Your response to the data below should hold nothing except the lines from the one containing "Plata: a juzgar" down to the one containing "美式春秋款ins复古破洞牛仔外套男韩版潮流学生宽松百搭帅气夹克", reproduced exactly and without pictures.

[Records drawn from a dataset]
*** Begin section ***

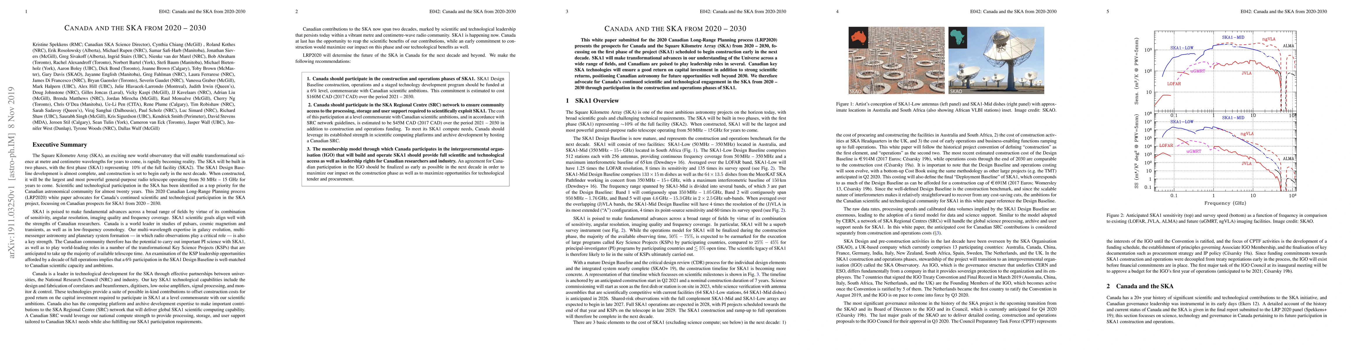 This white paper advocates for Canada's active participation in the SKA1 project from 2020-2030, highlighting the potential for significant scientific and technological advancements, and the strong return on investment through leadership roles in key technologies.
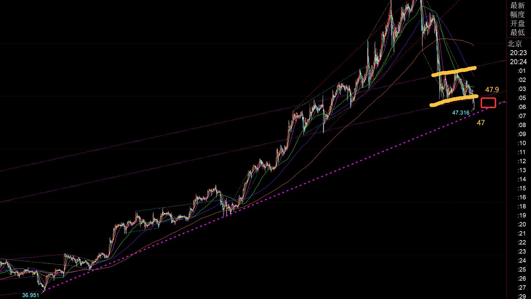 Plata: a juzgar por la imagen, el mercado europeo también rompió el rango de consolidación inferior. La línea 47,9 se llama punto de contrapresión. Si quiere caer por segunda vez, no debe atravesarlo y luego pararse sobre él. El soporte inferior es la línea de tendencia violeta que está respaldada unilateralmente por 36,95. El punto de apoyo correspondiente es la línea 47, que se estabiliza cuando se toca. Luego intente un rebote alcista; así que preste atención a la operación dentro del rango de 47,9-47 y preste atención a las ganancias y pérdidas;
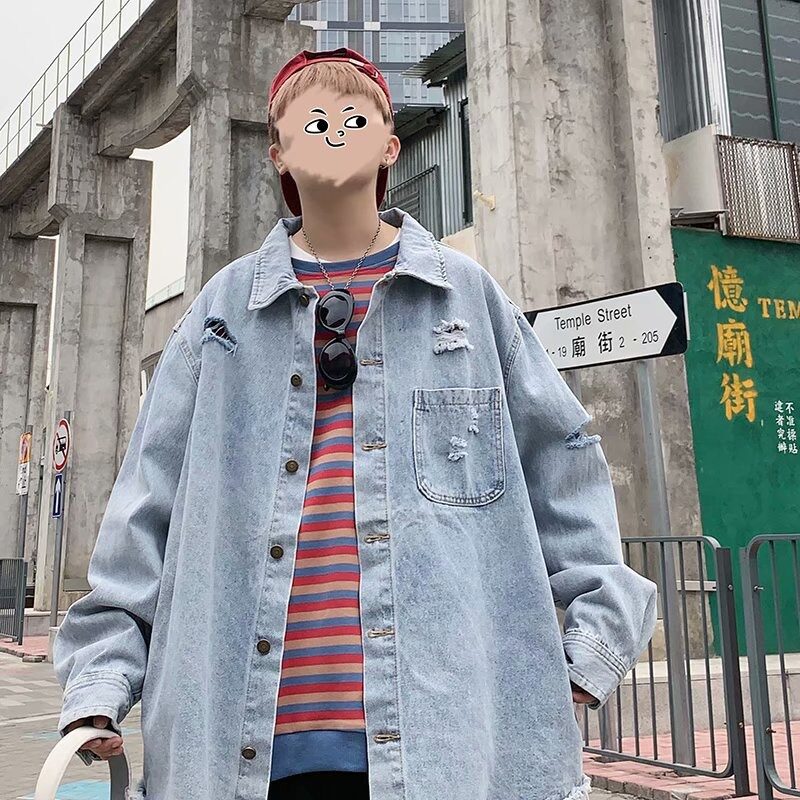 美式春秋款ins复古破洞牛仔外套男韩版潮流学生宽松百搭帅气夹克
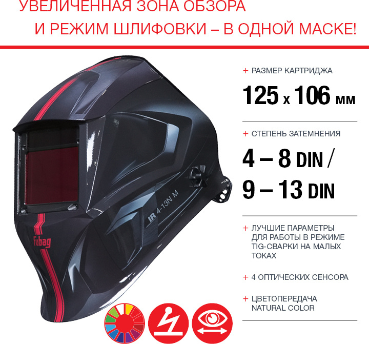 Маска Fubag OPTIMA 4-13 VISOR BLACK в черном цветовом исполнении с двумя диапазонами затемнения для различных типов сварки и резки 4-8/9-13 DIN, а также расширенной зоной обзора 100х65 мм и с улучшенным оснащением гарантируют комфортную работу и эффективную защиту.
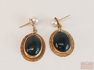 | #62 | Paire de boucles d'oreilles en or 10k serties d'agates et de perles, mesurant 1 pouce Paire de boucles d'oreilles en or 10k serties d'agates et de perles, mesurant 1 pouce | VENDU – CAD$ 90.00 | |

*** End section ***

**Response to this task**:
 Plata: a juzgar por la imagen, el mercado europeo también rompió el rango de consolidación inferior. La línea 47,9 se llama punto de contrapresión. Si quiere caer por segunda vez, no debe atravesarlo y luego pararse sobre él. El soporte inferior es la línea de tendencia violeta que está respaldada unilateralmente por 36,95. El punto de apoyo correspondiente es la línea 47, que se estabiliza cuando se toca. Luego intente un rebote alcista; así que preste atención a la operación dentro del rango de 47,9-47 y preste atención a las ganancias y pérdidas;
 美式春秋款ins复古破洞牛仔外套男韩版潮流学生宽松百搭帅气夹克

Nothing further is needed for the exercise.